### Task objective
Without including any images, reproduce each entry exactly.

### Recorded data

____

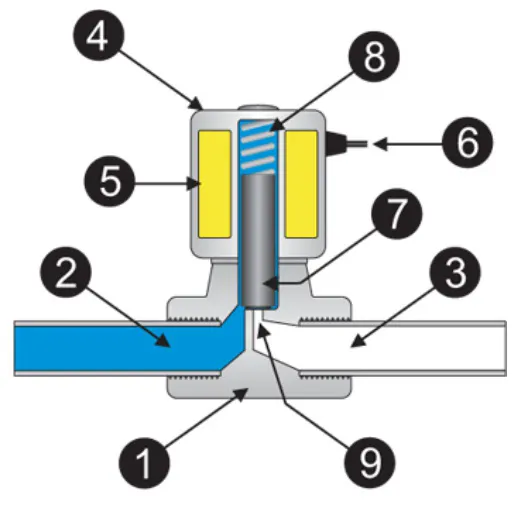 솔레노이드 벨브 : 전자석이라는 것을 배우셨을겁니다. 코일에 전기를 흘려주면 자석이 되는 원리를 이용해서 평상시에는 스프링으로 밀어서 구멍이 막혀있다가 전기가 흐르면 구멍을 막고있던 철재질의 밸브유닛이 위로 올라가면서 열리게 되는 구조입니다. 따라서 출구쪽의 재질은 자석에 붙지 않는 구리나 알루미늄으로 제작되어 있답니다.
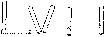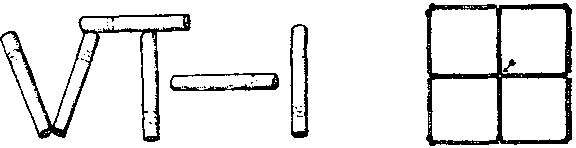 484. Передвиньте две сигареты, образующие букву L, и поместите их так, как показано на рисунке. Мы имеем корень квадратный из 1 минус 1 (то есть 1—1), что равно, очевидно, 0. Во втором случае мы можем сдвинуть те же сигареты, поместив одну из них рядом с V, а другую рядом со второй I так, чтобы получилось слово NIL (ничто).
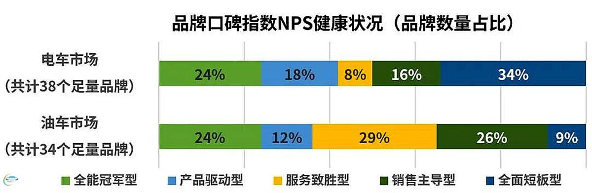究其细节,J.D.Power分析认为,燃油车市场品牌口碑指数由“服务致胜型”(占比29%)和“销售主导型”(占比26%)品牌主导,口碑稳定;而新能源汽车市场品牌口碑指数NPS中,虽然“产品驱动型”(占比18%)表现卓越,但“全面短板型”占比高达34%,该类品牌不仅自身品牌口碑指数NPS极低,还会因为用户体验差(如品控差、售后无门)而拉低新能源汽车行业的平均品牌口碑指数NPS,影响消费者对新兴品类的信任。
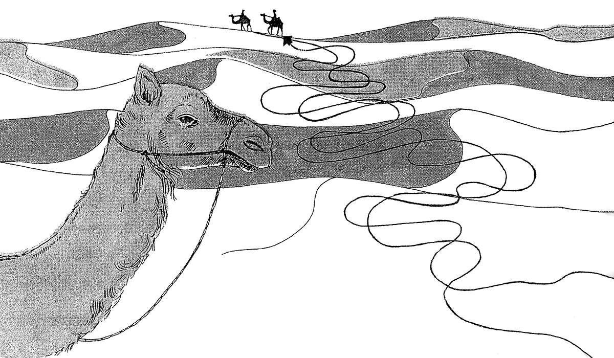 | इस चित्र में रेत के टीलों में ऊँट अपना रास्ता भूल गया है। क्या तुम रास्ता ढूंढने में उसकी मदद कर सकते हो? | Sur cette image, un chameau a perdu son chemin dans les dunes de sable. Peux-tu l’aider à retrouver son chemin ? |
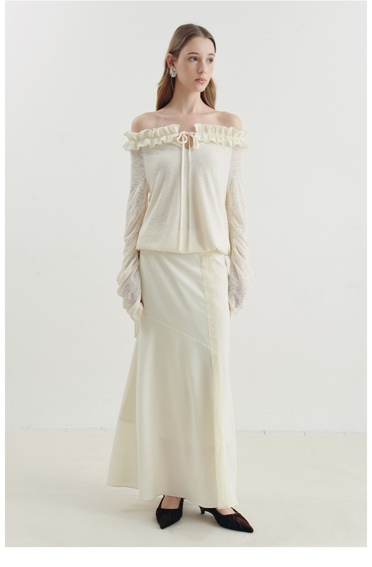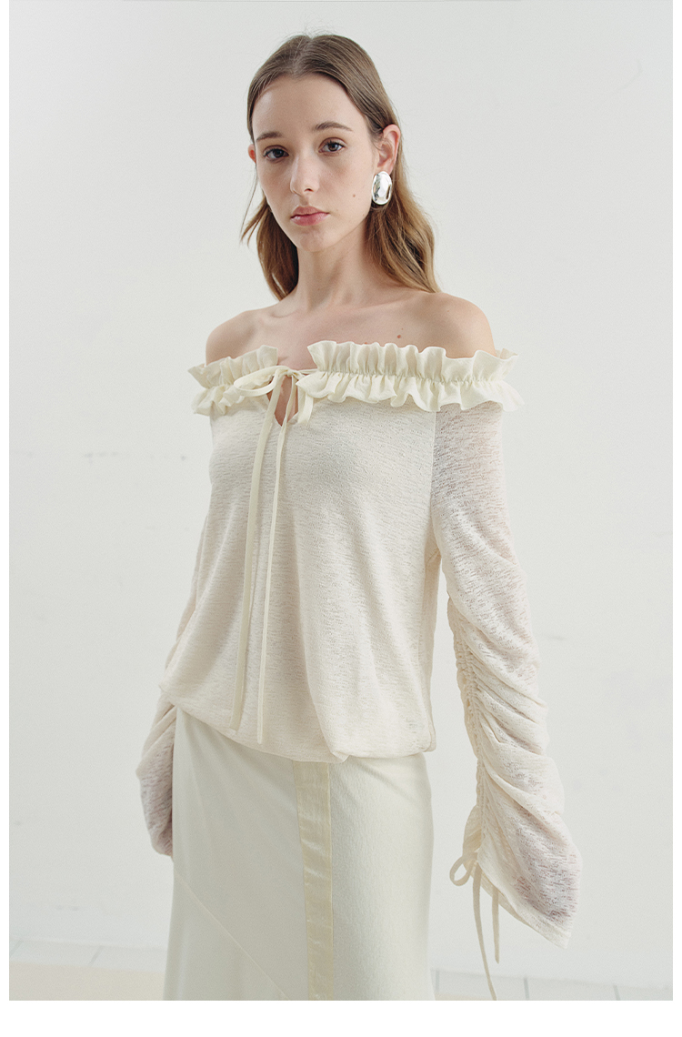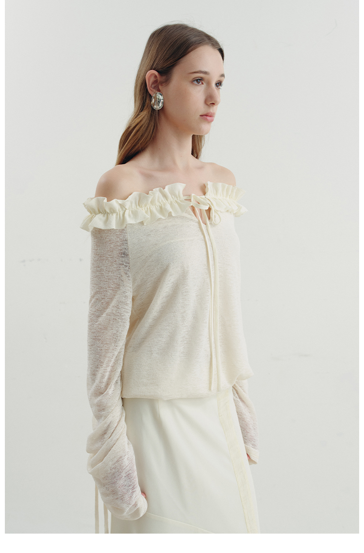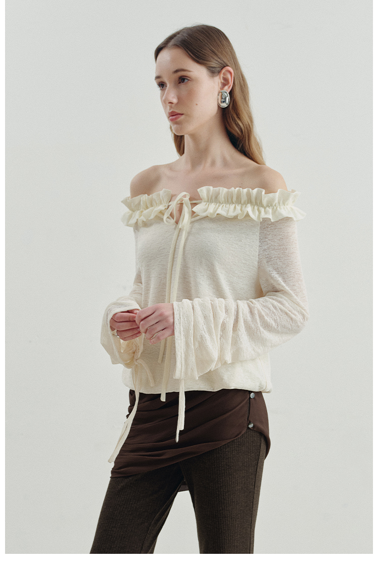 One-character shoulder-toothed lace top
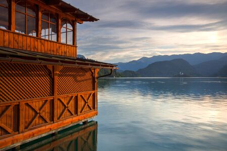 Autumn sunset lake Bled, church of Assumption of Mary Pilgrimage on island, swimming boat in Slovenia. Fall landscape over Blejsko jezero, mountains in cloud, pletna on water in Carniolan Slovenija
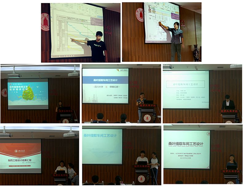 随后,参与此次竞赛的八个小组分别对题为《桑叶提取车间工艺设计》的设计内容进行了全面展示,从桑叶提取设计任务出发,进行工艺流程的设计,通过查询相关参数进行物料和热量衡算,再到设备选型并进行带控制点的工艺流程图和设备分布及厂房设计图的绘制,最后以环境和经济分析完成整个设计。每一组都立足于自己所学知识,通过师生讨论,做出了一份完整的设计。各位评委老师对各组的设计内容进行了充分的肯定,并提出了指导性建议,根据往年比赛情况,对设计的科学性、先进性以及合理性提出了一些有针对性的见解,指出了各小组在工艺流程设计和工艺流程图及厂房设计图绘制上存在的问题,并提出了修改意见。通过与评委老师的交流,各参赛小组对设计内容有了更加充分的理解,为下一步西部区域赛和国赛做好了准备。

____

### Expected answer
 솔레노이드 벨브 : 전자석이라는 것을 배우셨을겁니다. 코일에 전기를 흘려주면 자석이 되는 원리를 이용해서 평상시에는 스프링으로 밀어서 구멍이 막혀있다가 전기가 흐르면 구멍을 막고있던 철재질의 밸브유닛이 위로 올라가면서 열리게 되는 구조입니다. 따라서 출구쪽의 재질은 자석에 붙지 않는 구리나 알루미늄으로 제작되어 있답니다.
 484. Передвиньте две сигареты, образующие букву L, и поместите их так, как показано на рисунке. Мы имеем корень квадратный из 1 минус 1 (то есть 1—1), что равно, очевидно, 0. Во втором случае мы можем сдвинуть те же сигареты, поместив одну из них рядом с V, а другую рядом со второй I так, чтобы получилось слово NIL (ничто).
究其细节,J.D.Power分析认为,燃油车市场品牌口碑指数由“服务致胜型”(占比29%)和“销售主导型”(占比26%)品牌主导,口碑稳定;而新能源汽车市场品牌口碑指数NPS中,虽然“产品驱动型”(占比18%)表现卓越,但“全面短板型”占比高达34%,该类品牌不仅自身品牌口碑指数NPS极低,还会因为用户体验差(如品控差、售后无门)而拉低新能源汽车行业的平均品牌口碑指数NPS,影响消费者对新兴品类的信任。
 | इस चित्र में रेत के टीलों में ऊँट अपना रास्ता भूल गया है। क्या तुम रास्ता ढूंढने में उसकी मदद कर सकते हो? | Sur cette image, un chameau a perdu son chemin dans les dunes de sable. Peux-tu l’aider à retrouver son chemin ? |
 One-character shoulder-toothed lace top
 Autumn sunset lake Bled, church of Assumption of Mary Pilgrimage on island, swimming boat in Slovenia. Fall landscape over Blejsko jezero, mountains in cloud, pletna on water in Carniolan Slovenija
 随后,参与此次竞赛的八个小组分别对题为《桑叶提取车间工艺设计》的设计内容进行了全面展示,从桑叶提取设计任务出发,进行工艺流程的设计,通过查询相关参数进行物料和热量衡算,再到设备选型并进行带控制点的工艺流程图和设备分布及厂房设计图的绘制,最后以环境和经济分析完成整个设计。每一组都立足于自己所学知识,通过师生讨论,做出了一份完整的设计。各位评委老师对各组的设计内容进行了充分的肯定,并提出了指导性建议,根据往年比赛情况,对设计的科学性、先进性以及合理性提出了一些有针对性的见解,指出了各小组在工艺流程设计和工艺流程图及厂房设计图绘制上存在的问题,并提出了修改意见。通过与评委老师的交流,各参赛小组对设计内容有了更加充分的理解,为下一步西部区域赛和国赛做好了准备。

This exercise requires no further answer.